The Advisors' Blog

This blog features wisdom from respected compensation consultants and lawyers

August 8, 2012

Recent Delaware Case May Provide Guidance on Setting Director Compensation

Broc Romanek, CompensationStandards.com

Here’s something that Steven Seelig and Russ Hall of Towers Watson recently blogged:

A recent Delaware Chancery Court case (Seinfeld v. Slager) may provide the impetus for companies to refine the process by which independent directors set their own compensation. At issue in the case was whether the directors were protected under the “business judgment rule” from a potential self-dealing transaction in approving their own pay in accordance with a shareholder-approved stock plan that set upper limits on their compensation. The court recently refused to dismiss the plaintiff’s claim, finding that the shareholder-approved plan set compensation limits at such a high level that they were tantamount to the board being free to use its own discretion. Because no evidence was presented that the directors considered the grants entirely fair under the circumstances, the court permitted the case to move forward to determine whether the pay decision was in violation of the board’s fiduciary duties and constituted corporate waste.

The problem for the court was that, although the stock plan was approved by shareholders in accordance with Section 162(m), the plan put few, if any, limits on the board’s ability to set its own stock awards. The plan provided that the committee has the sole discretion to set compensation for the directors. Like many equity compensation plans, this plan provided upper limits on the number of shares granted to an eligible individual, but made no distinction between employees, officers or directors in applying these limits. Under the plan’s individual limits, theoretically each director could have been awarded restricted stock or stock units worth approximately $21.7 million each year.

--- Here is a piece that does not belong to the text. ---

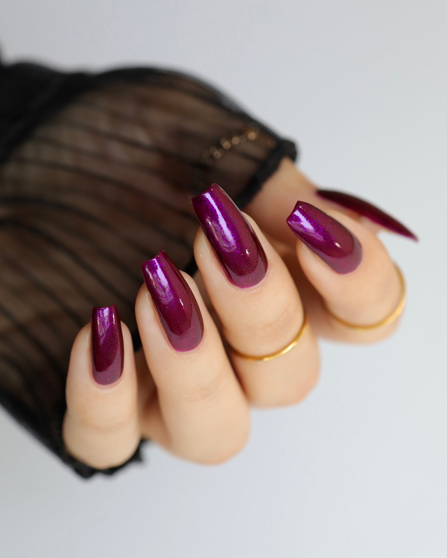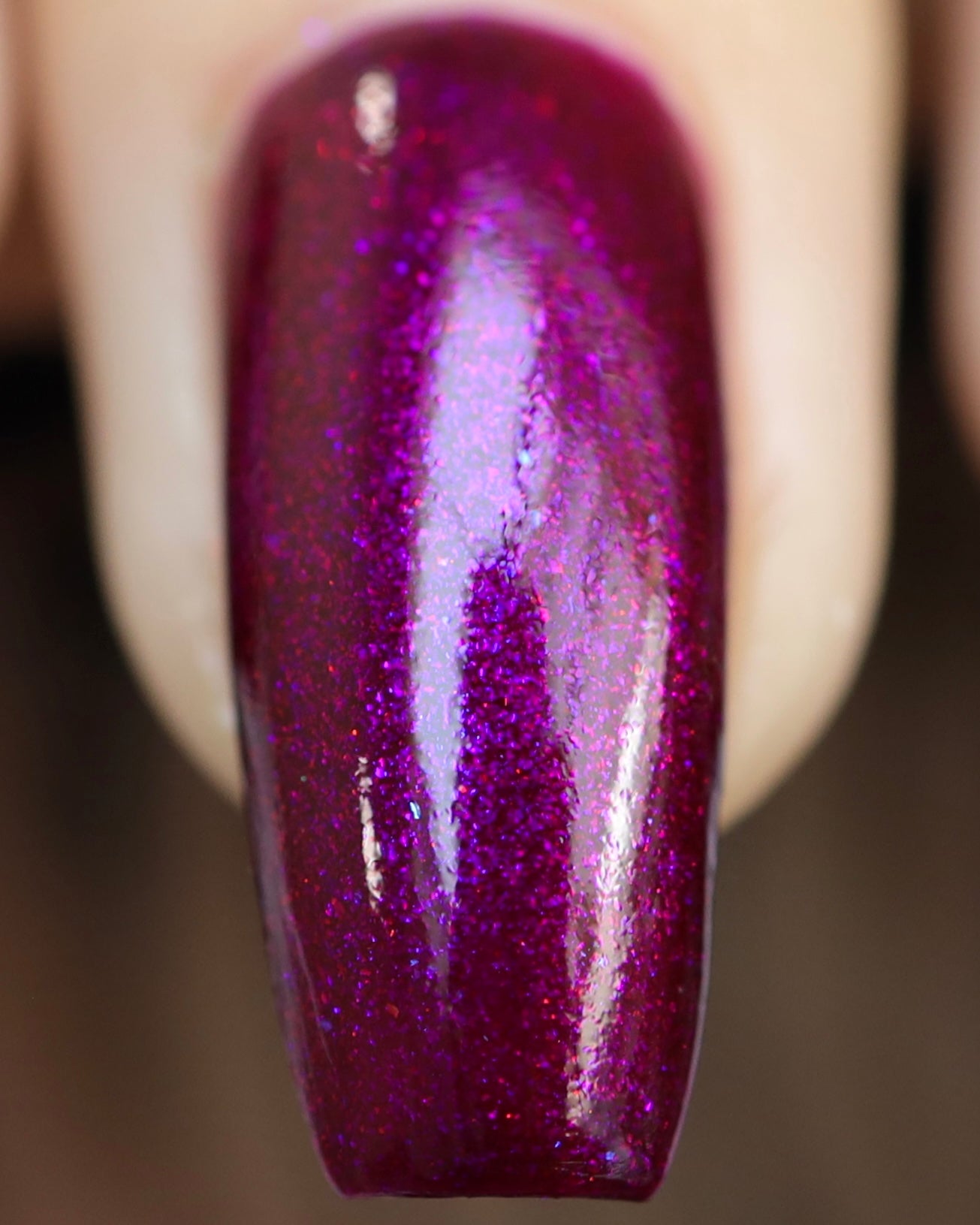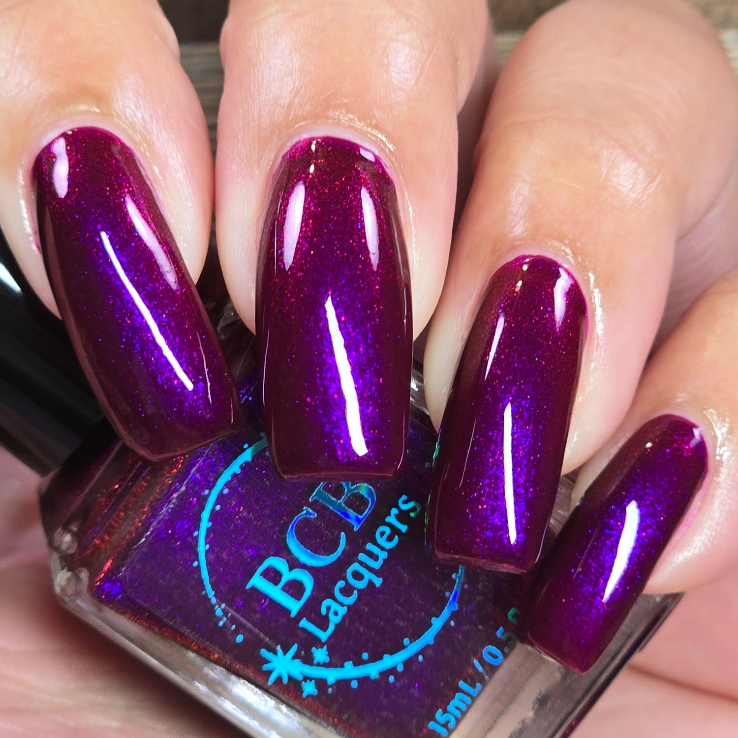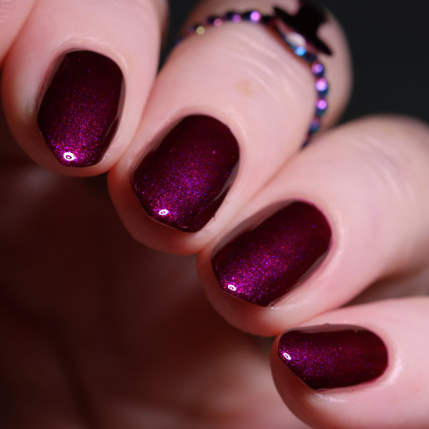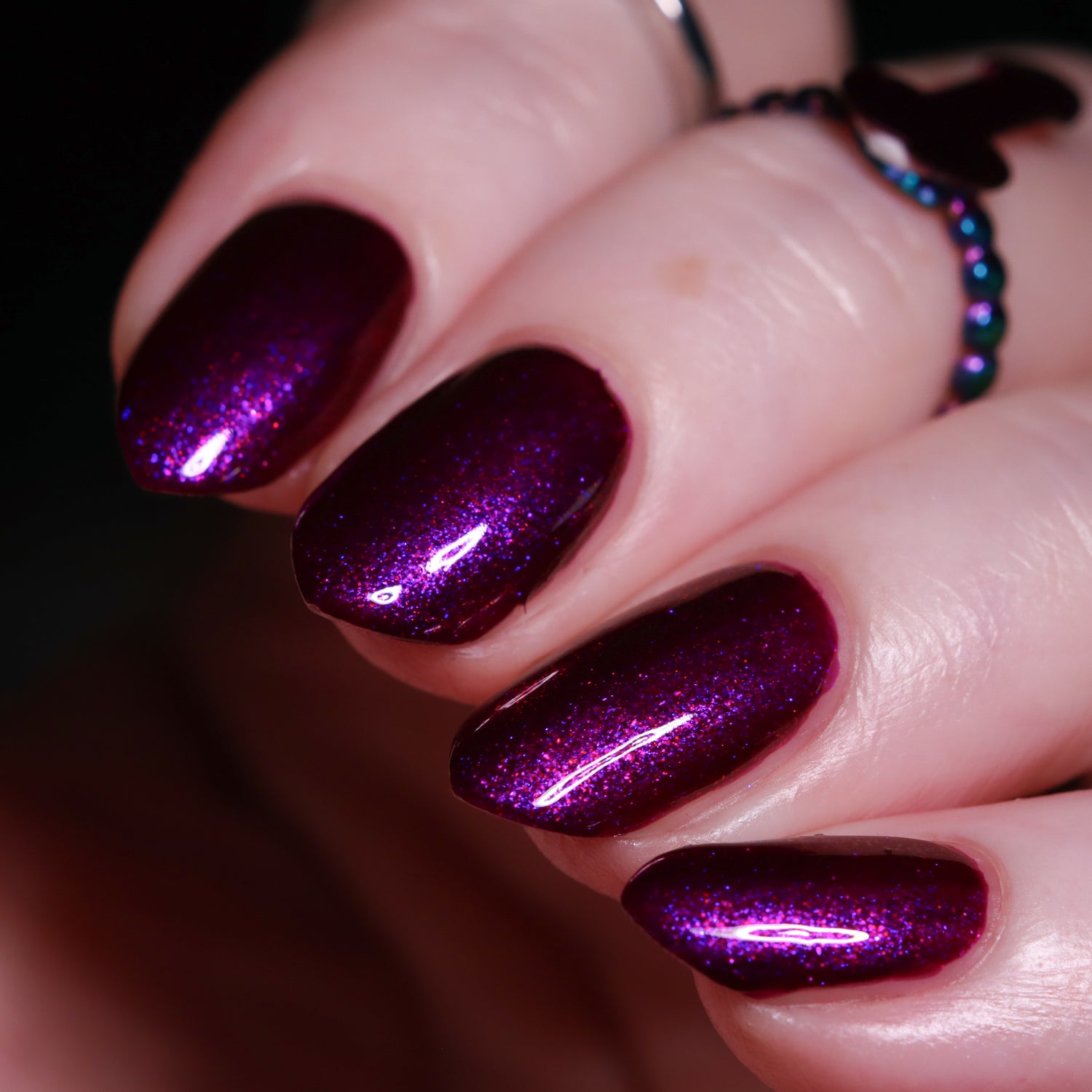 Bare: A deep maroon jelly with a strong pink/purple shifting shimmer.

Even though the actual stock grant for the year was around $750,000 for each director, the court refused to dismiss the plaintiff’s claim, ruling that the stock plan lacked sufficient definition to afford protection under the business judgment rule due to the absence of a “meaningful limit” imposed by the shareholders.

Issues to Ponder

The court’s ruling did not provide any details on how the compensation committee arrived at its decision regarding its grant levels. This raises questions about whether the committee was advised by a compensation consultant who presented relevant market data to support the decision-making process or whether the committee documented any rationale for its decision in the minutes. Although there was no mention of such issues in the ruling, it’s possible they were not proffered simply because the defendant directors believed the case would be dismissed out of hand, as are many Delaware compensation-related claims. We will be interested to see whether the court’s ultimate ruling provides more information on these issues because prior Delaware cases have tended to set the bar fairly low for protection under the business judgment rule, typically holding that compensation committees need merely to have a rational basis for their pay decisions. We would hope that having a qualified expert advise the compensation committee on appropriate director pay levels would help meet this standard.

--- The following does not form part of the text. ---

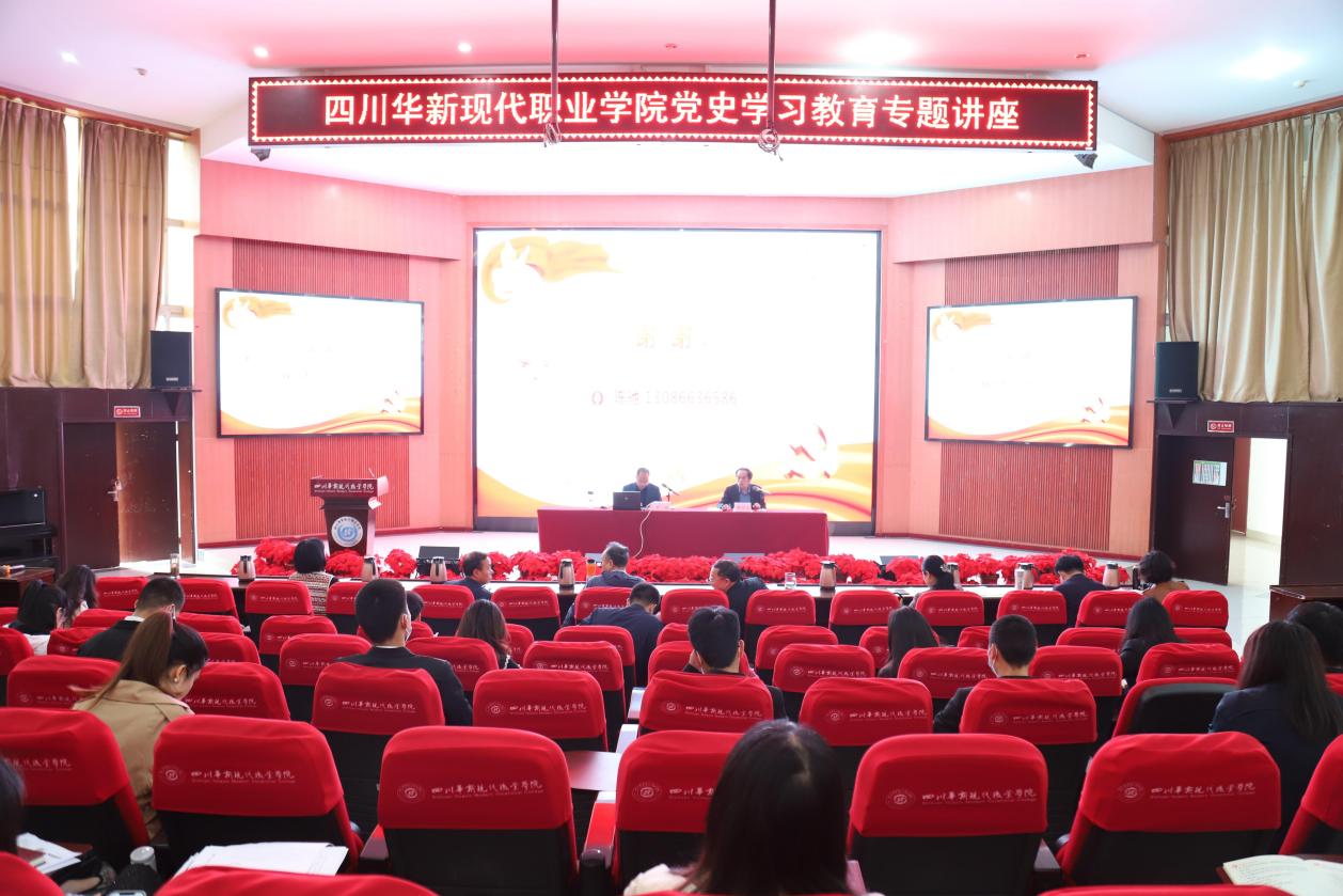 4月21日,华新学院在西河校区举办党史学习教育专题讲座,深入推进党史学习教育入心践行。四川开放大学党委副书记、华新学院党委书记李建川,四川开放大学副校长、华新学院党委副书记、院长杨波,华新学院副院长刘斌、涂捷、周勇、谭征,工会主席、纪委书记邓忠参加,华新学院党委副书记解登高主持讲座。

But would such actions have been enough in this case, given a rather open-ended, shareholder-approved plan? That’s not clear. The court was unwilling at this stage to describe any bright-line standard, noting that the sufficiency of plan provisions to provide potential protection under the business judgment rule “exists on a continuum.”

Among the questions this case raises are the following:

– Should companies consider drafting equity plans that set a separate “meaningful” maximum for director compensation levels when having their stock plan approved by shareholders?
– Should companies be more restrictive and provide for director compensation to be based on specific guidelines or criteria?
– Would the addition of a plan provision stating that the form and amount of director compensation should be set with respect to relevant market norms and/or appropriate for the time and energy required of directors be helpful in defending similar suits?
– Are any of these plan restrictions necessary if the board obtains and follows the advice of compensation advisers?

Assuming the Seinfeld case is not settled before the court renders its decision on the merits, the ruling could provide additional guidance on such issues. We’ll keep you posted on the litigation’s progress.